In a breakthrough discovery, researchers have developed a smartphone app which identifies when the user is at risk for disease.
New methods for analysing personal health and lifestyle data captured through wearable devices or smartphone apps can help identify college students at risk of catching the flu, say researchers at Duke University and the University of North Carolina-Chapel Hill.
Katherine Heller of North Carolina-Chapel Hill developed a model that enabled them to predict the spread of influenza from one person to the next over time.
Heller said this approach gave a personalised daily forecast for each patient.
To test the model, the researchers applied it to a study of roughly 100 students for 10 weeks during the 2013 flu season.

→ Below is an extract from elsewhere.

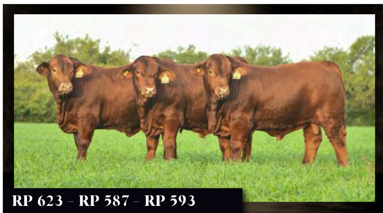
RP 623 - RP 587 - RP 593

The students carried Google Android smartphones with built-in software, iEpi, that used Wi-Fi, Bluetooth and GPS technology to monitor where they went and who they came in contact with from moment to moment.
The model then returned the odds that each student would spread or contract the flu on a given day, and identified the personal health habits that might help them beat the odds or hasten their recovery.
The researchers found that when a student got sick, his or her friends were more likely to get sick too.
They also found that students who smoked or drank took longer to recover.
Heller said that smartphones and wearable health and fitness devices allowed them to collect information like a person’s heart rate, blood pressure, social interactions and activity levels with much more regularity and more accurately than was possible before.
The study is published in the journal Proceedings of the 21th ACM SIGKDD International Conference on Knowledge Discovery and Data Mining.